Znaleziono 0 artykułów
24.04.2023

Jak wyglądałby „Harry Potter” w reżyserii Wesa Andersona?

24.04.2023
(Fot. materiały prasowe)

Harry w pastelowej Wielkiej Sali, Hermiona niczym bohaterka „Grand Budapest Hotel” i stylowy Lord Voldemort – tak według sztucznej inteligencji prezentowałaby się saga o młodym czarodzieju, gdyby za kamerą stanął Wes Anderson. Post artysty znanego w sieci jako Panorama Channel już stał się wiralem.

Na przestrzeni ostatnich dwóch dekad Wes Anderson wypracował sobie unikatową estetykę, bazującą na symetrycznych kadrach, pastelowej palecie barw oraz starannie dopracowanych scenografiach i kostiumach. Zwykle wystarczy jeden kadr, by rozpoznać film jego autorstwa. Świetnym przykładem są pierwsze zdjęcia z jego najnowszego filmu „Asteroid City” – widząc Scarlett Johansson w pistacjowej wannie, nie mamy wątpliwości, że to projekt reżysera.
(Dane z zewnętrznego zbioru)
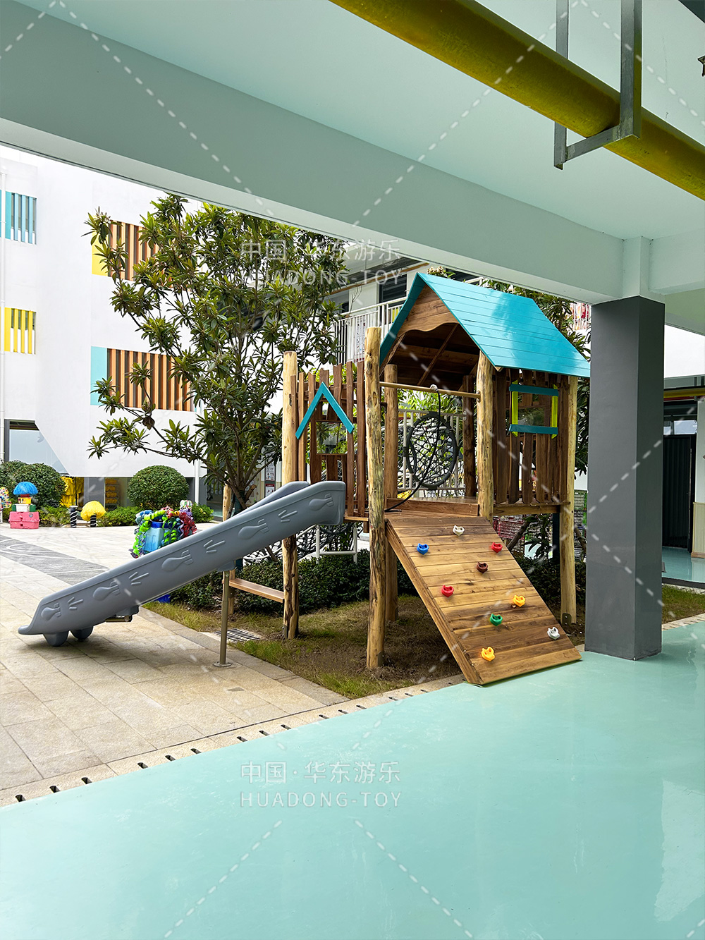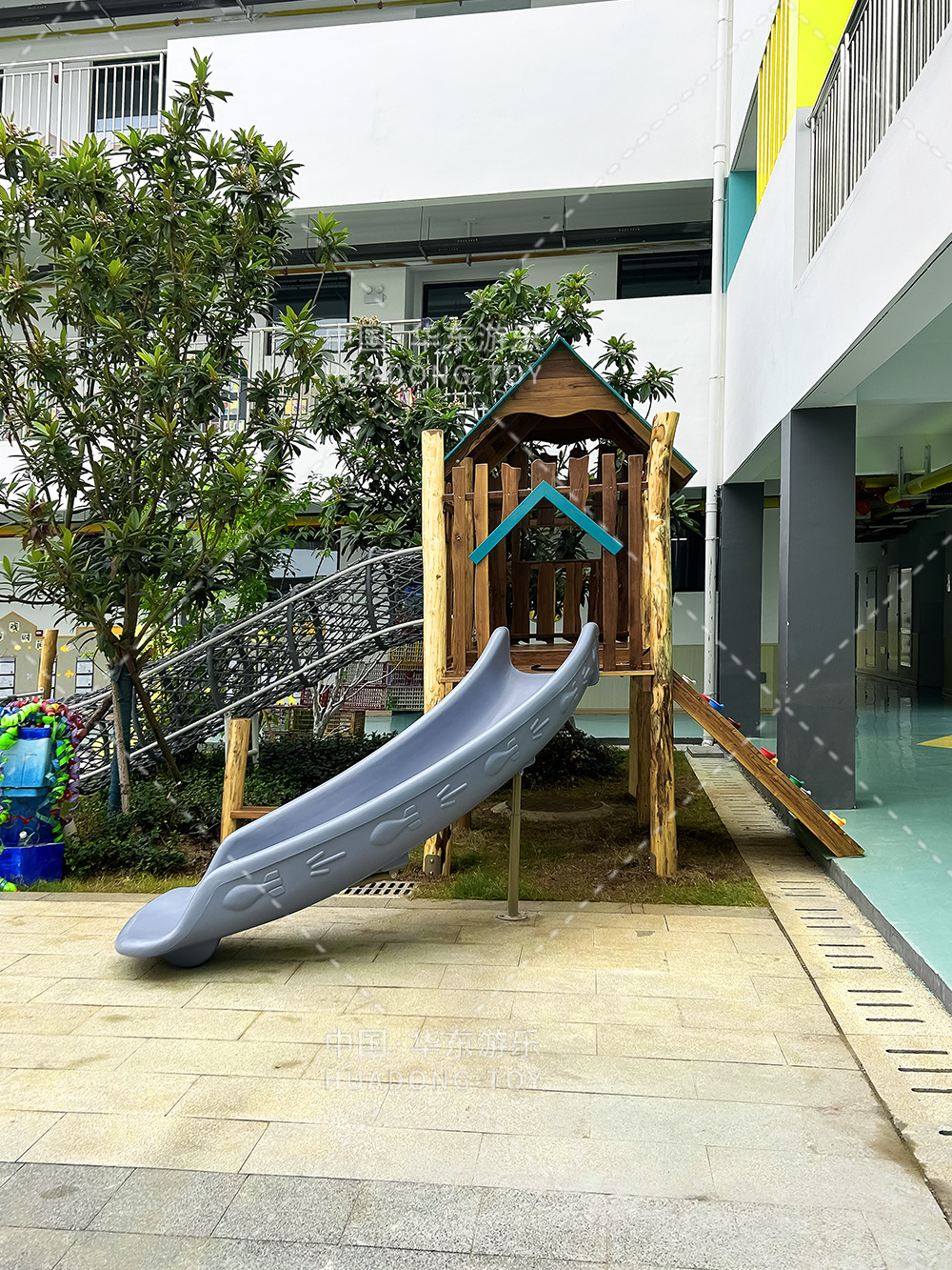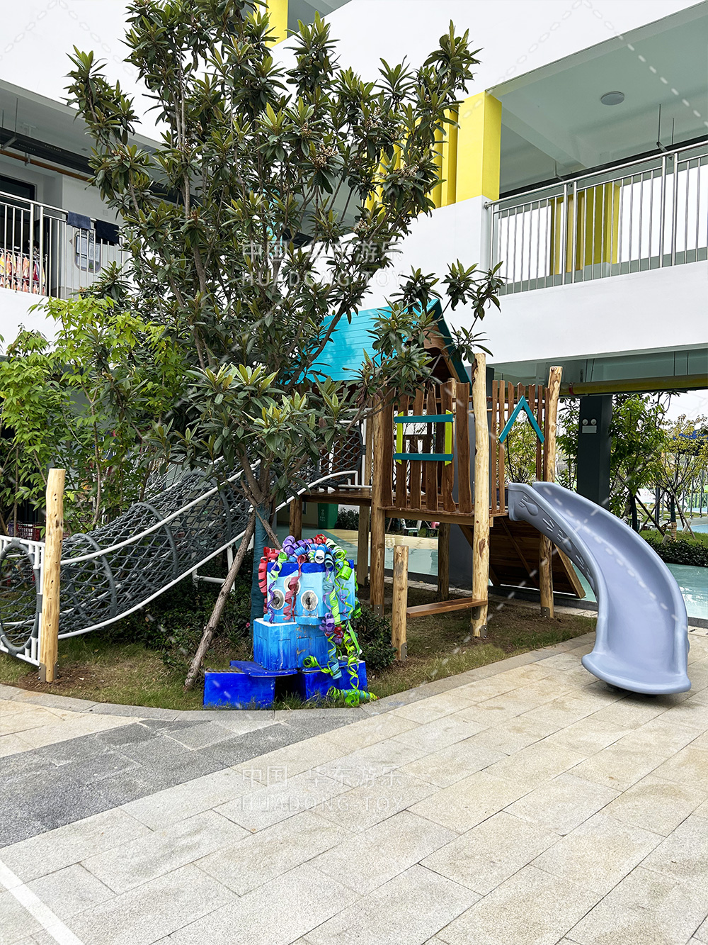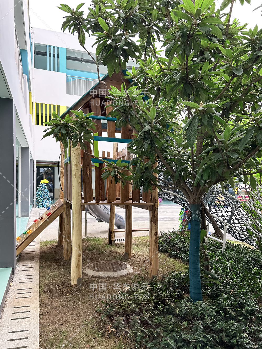 湖北省京山市直属机关幼儿园是一个专业性学期教育培训学校,此次选用的是乐鱼游乐自主研发和设计木质主题的儿童游乐设备,整个游乐设备充分的结合当地的丛林环境,打造一个属于孩子们喜欢的丛林秘境。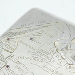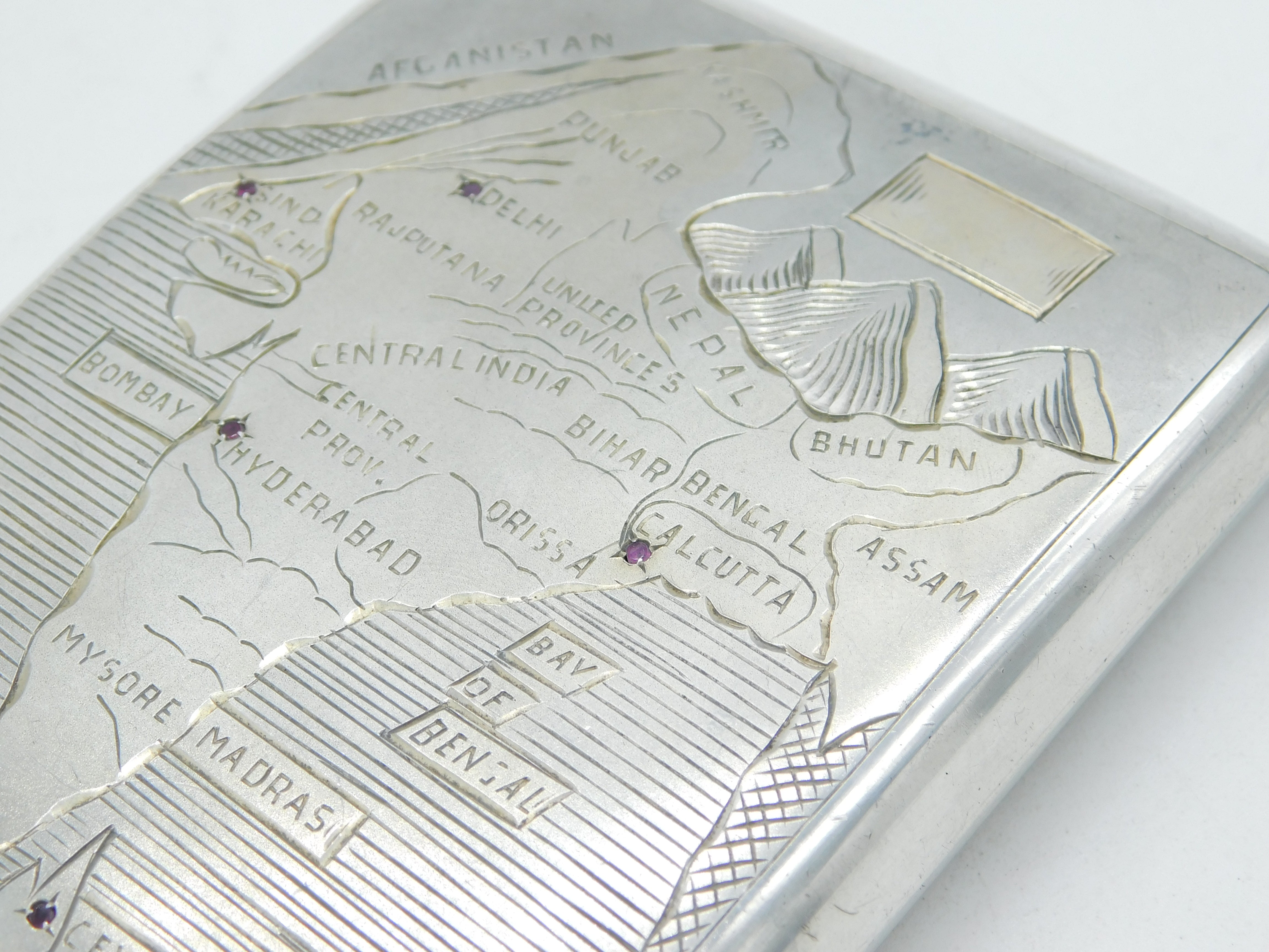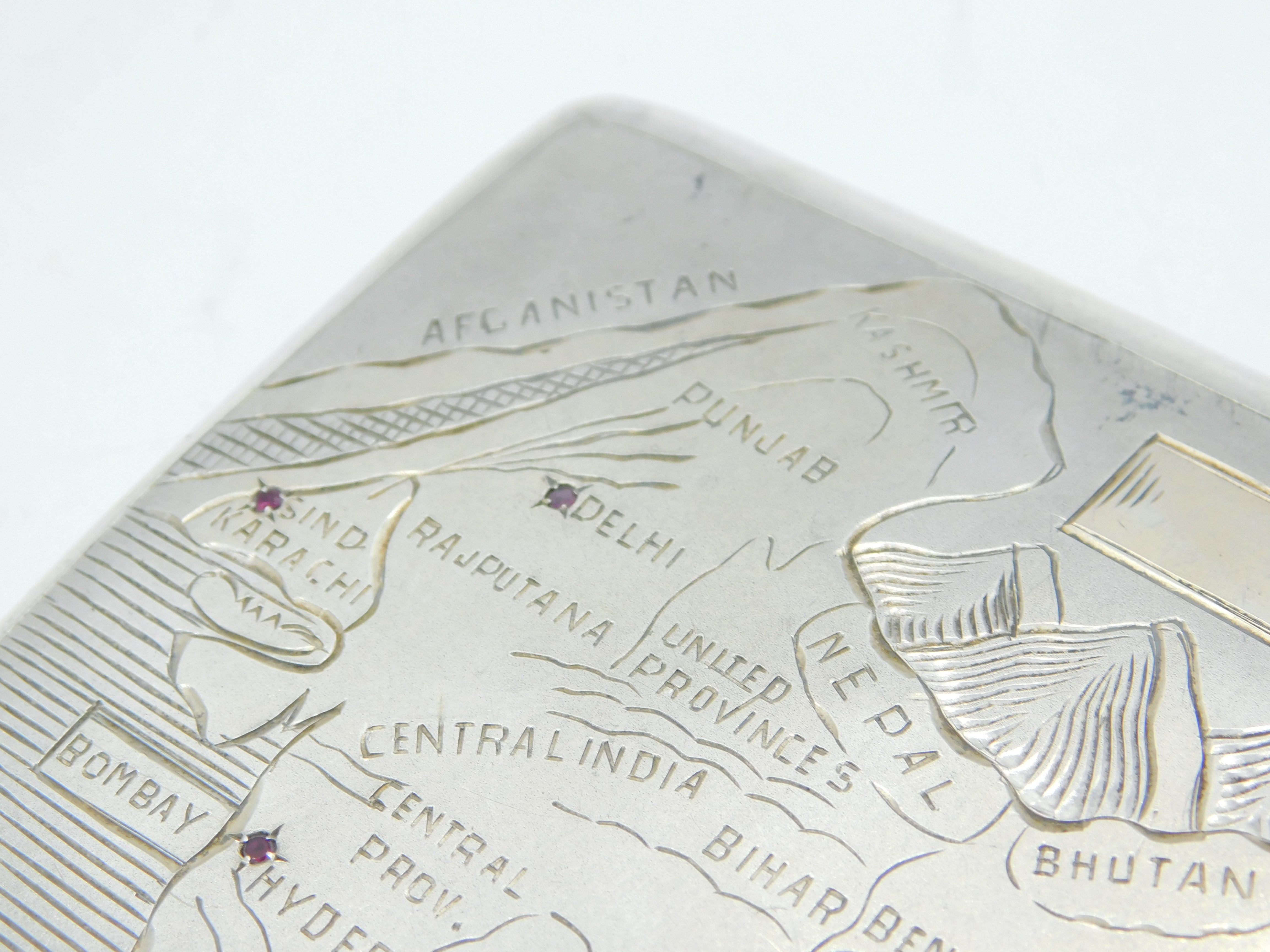 Details: A fantastic and wonderfully designed antique early 20th century sterling silver cigarette case depicting the map of India and surrounding nations including city names and provinces, four of the cities set with natural ruby stones, hallmarked 'sterling silver' to the interior and XRF tested c1920s, likely a travel souvenir possibly of military interest. This is a wonderful item that would make a perfect gift or addition to any collection. We are more than happy to provide XRF reports for items upon request.

Jego przeestetyzowanej wizji poświęcono kilka książek, popularny blog (i profil na Instagramie) Accidentally Wes Anderson, a nawet kursy w amerykańskich szkołach filmowych. Fani reżysera uwielbiają wyobrażać sobie kultowe produkcje w jego wydaniu. Ostatnio swojego andersonowskiego make-overu doczekała się saga o Harrym Potterze. Z pomocą programu sztucznej inteligencji artysta znany w sieci jako Panorama Channel stworzył filmowe kadry w bajkowym stylu reżysera.

Sztuczna inteligencja pokazuje, jak wyglądałby „Harry Potter” w reżyserii Wesa Andersona

Owocem tego projektu są fascynujące (i odrobinę niepokojące) kadry z nie-filmu, na których możemy podziwiać, m.in. Harry’ego w pastelowej Wielkiej Sali, Hermionę niczym bohaterkę „Grand Budapest Hotel”, stylowego Lorda Voldemorta, Draco na tle willi czy Dumbledore’a w wakacyjnym wydaniu. Na fali dyskusji wokół serialowej adaptacji sagi o Harrym Potterze post już stał się wiralem. Część internautów zachwycała się obrazami, pisząc, że to „remake, który woleliby zobaczyć”, zdaniem innych sztuka tworzona z pomocą programów sztucznej inteligencji musi się jeszcze sporo nauczyć.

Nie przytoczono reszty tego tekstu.